España aprueba aumentar la garantía obligatoria de los productos de 2 a 3 años

España incrementa la garantía de los productos. De los dos años obligatorios actuales se pasará a una garantía legal de tres años. Así lo ha aprobado hoy el Consejo de Ministros, que igualmente ha resuelto ampliar el tiempo mínimo que deberán facilitar los fabricantes a nivel de reparación. En vez de los cinco años actuales, las compañías deberán colocar durante al menos 10 años las piezas de repuesto de los productos que ya no vendan, lo que concederá proporcionar su reparación pese a que el producto sea antiguo.

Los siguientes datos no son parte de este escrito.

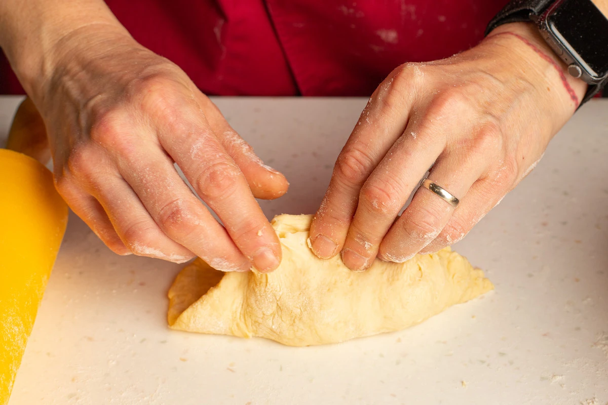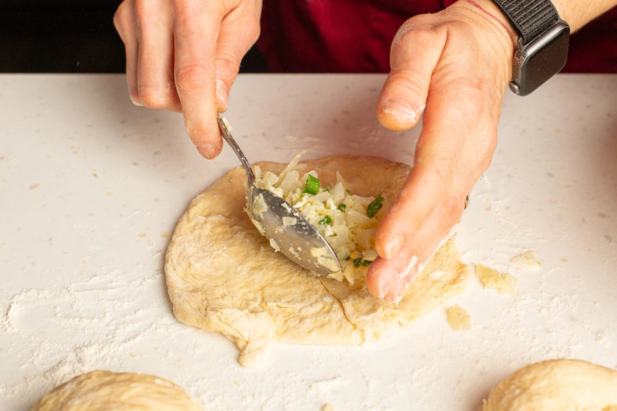 Каждый кусочек теста раскатайте или растяните руками, положите в центр начинку (2-3 ч. ложки на пирожок).

La reciente medida está establecida en un Real Decreto-ley ómnibus, que igualmente incorporara nuevos derechos y garantías para los usuarios ante la prosperidad del comercio online, en línea con lo planteado por la Unión Europea, que a finales de noviembre aprobaba el llamado ‘derecho a reparar’.

La novedosa normativa que aumenta la garantía de los productos a tres años es la inmersión de la normativa europea y además aplicará por primera vez en relación a los contenidos y servicios digitales, que deberán dar al menos dos años de garantía. Unos contenidos que «no cuestan dinero al consumidor sino que se obtienen a cambio de sus datos personales», conforme los detalla el Ministerio de Consumo. Entre los productos recolectados en esta categoría se incorporan «programas informáticos, aplicaciones, archivos de vídeo, archivos de audio, archivos de música, juegos digitales, libros electrónicos u otras publicaciones electrónicas».

La durabilidad de un producto se determina con un punto de vista objetivo. Cuando un producto no tenga la durabilidad acordada en el contrato de compra, el cliente tendrá derecho a optar entre la reparación o la sustitución del mismo. Esta nueva normativa aumenta de tres a cinco años el plazo para cuando un cliente no esté conforme y se pasa de seis meses a uno o dos años, en función del objeto, el periodo para confirmar que no se está conforme con el producto comprado.

La principal variación en este apartado es que el consumidor solo deberá comprobar que el producto comprado no es acorde a lo pactado, sin necesidad de  probar su falta de conformidad en el instante de la entrega, como hasta ahora. Otro cambio es que las garantías comerciales que se insertan en la publicidad predominarán a las de la declaración de garantía legal si son más favorables para el consumidor.

Por ahora,  no se conoce cuándo entrará en vigencia. Habrá que esperar a su publicación en el BOE para saber los por menores restantes de esta nueva normativa que presume una extensa mejora de los derechos de los consumidores al comprar nuevos productos.